Aim of the task: Without the images, repeat every line of the listing exactly.

Dataset entries:
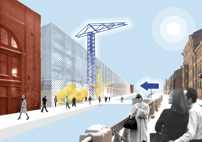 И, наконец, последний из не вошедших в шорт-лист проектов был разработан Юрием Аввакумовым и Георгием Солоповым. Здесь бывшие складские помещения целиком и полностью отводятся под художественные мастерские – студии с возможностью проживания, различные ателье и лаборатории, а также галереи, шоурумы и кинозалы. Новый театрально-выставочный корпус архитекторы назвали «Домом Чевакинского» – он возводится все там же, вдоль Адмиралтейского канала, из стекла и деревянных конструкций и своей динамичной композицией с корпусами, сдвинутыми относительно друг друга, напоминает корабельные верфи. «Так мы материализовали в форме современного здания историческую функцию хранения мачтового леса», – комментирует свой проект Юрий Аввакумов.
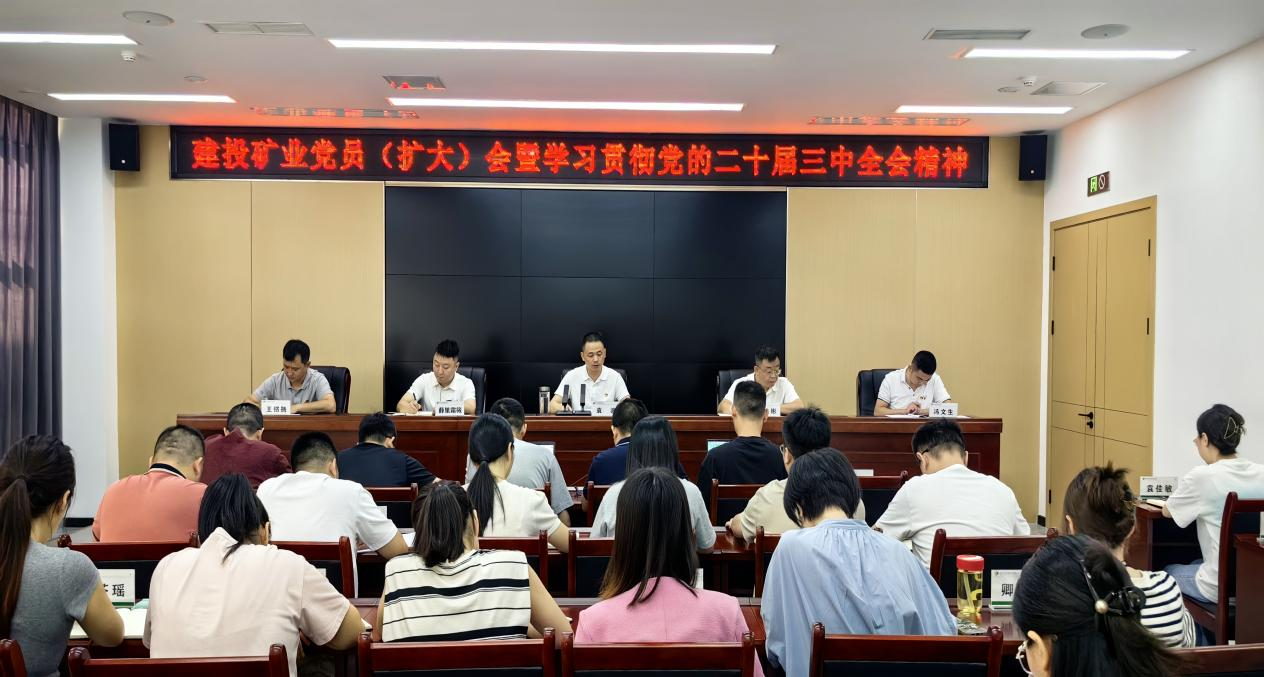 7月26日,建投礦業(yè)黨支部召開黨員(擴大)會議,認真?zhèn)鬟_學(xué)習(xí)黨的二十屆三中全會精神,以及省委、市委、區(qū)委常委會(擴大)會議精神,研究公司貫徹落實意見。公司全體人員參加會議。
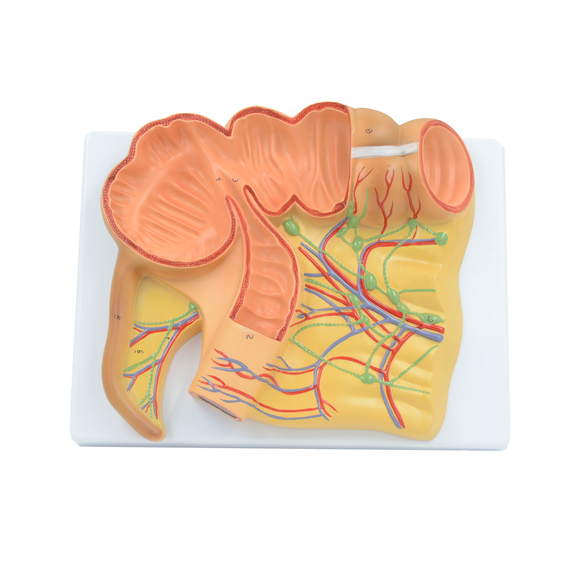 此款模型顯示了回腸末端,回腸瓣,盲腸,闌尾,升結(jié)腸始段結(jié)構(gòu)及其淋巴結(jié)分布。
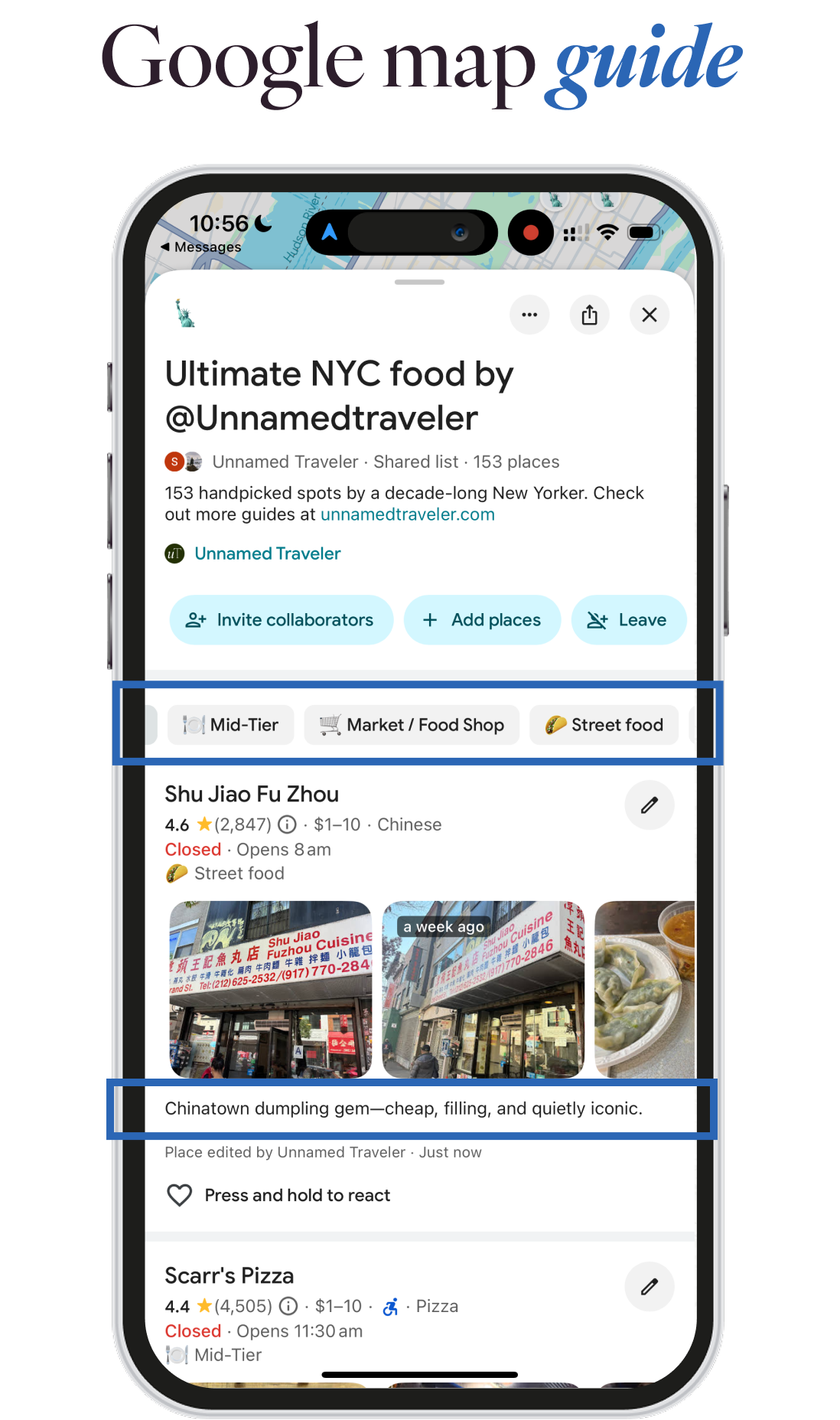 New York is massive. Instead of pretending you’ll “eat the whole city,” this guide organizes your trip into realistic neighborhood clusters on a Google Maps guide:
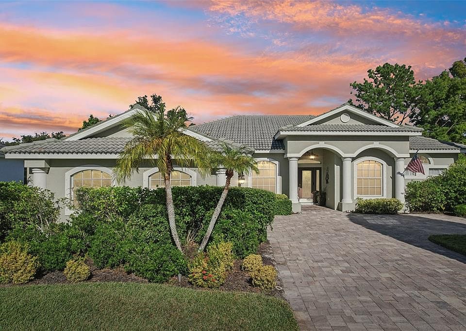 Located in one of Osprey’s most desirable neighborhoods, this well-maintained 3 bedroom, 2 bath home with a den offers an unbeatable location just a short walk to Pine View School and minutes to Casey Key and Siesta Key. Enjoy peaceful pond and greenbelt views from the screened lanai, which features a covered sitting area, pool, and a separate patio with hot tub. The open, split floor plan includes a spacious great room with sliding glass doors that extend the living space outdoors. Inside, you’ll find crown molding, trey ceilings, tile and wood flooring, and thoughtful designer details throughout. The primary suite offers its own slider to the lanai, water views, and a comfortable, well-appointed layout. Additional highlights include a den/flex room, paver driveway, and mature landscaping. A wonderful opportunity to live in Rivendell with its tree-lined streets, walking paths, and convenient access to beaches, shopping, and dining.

Completed exercise:
 И, наконец, последний из не вошедших в шорт-лист проектов был разработан Юрием Аввакумовым и Георгием Солоповым. Здесь бывшие складские помещения целиком и полностью отводятся под художественные мастерские – студии с возможностью проживания, различные ателье и лаборатории, а также галереи, шоурумы и кинозалы. Новый театрально-выставочный корпус архитекторы назвали «Домом Чевакинского» – он возводится все там же, вдоль Адмиралтейского канала, из стекла и деревянных конструкций и своей динамичной композицией с корпусами, сдвинутыми относительно друг друга, напоминает корабельные верфи. «Так мы материализовали в форме современного здания историческую функцию хранения мачтового леса», – комментирует свой проект Юрий Аввакумов.
 7月26日,建投礦業(yè)黨支部召開黨員(擴大)會議,認真?zhèn)鬟_學(xué)習(xí)黨的二十屆三中全會精神,以及省委、市委、區(qū)委常委會(擴大)會議精神,研究公司貫徹落實意見。公司全體人員參加會議。
 此款模型顯示了回腸末端,回腸瓣,盲腸,闌尾,升結(jié)腸始段結(jié)構(gòu)及其淋巴結(jié)分布。
 New York is massive. Instead of pretending you’ll “eat the whole city,” this guide organizes your trip into realistic neighborhood clusters on a Google Maps guide:
 Located in one of Osprey’s most desirable neighborhoods, this well-maintained 3 bedroom, 2 bath home with a den offers an unbeatable location just a short walk to Pine View School and minutes to Casey Key and Siesta Key. Enjoy peaceful pond and greenbelt views from the screened lanai, which features a covered sitting area, pool, and a separate patio with hot tub. The open, split floor plan includes a spacious great room with sliding glass doors that extend the living space outdoors. Inside, you’ll find crown molding, trey ceilings, tile and wood flooring, and thoughtful designer details throughout. The primary suite offers its own slider to the lanai, water views, and a comfortable, well-appointed layout. Additional highlights include a den/flex room, paver driveway, and mature landscaping. A wonderful opportunity to live in Rivendell with its tree-lined streets, walking paths, and convenient access to beaches, shopping, and dining.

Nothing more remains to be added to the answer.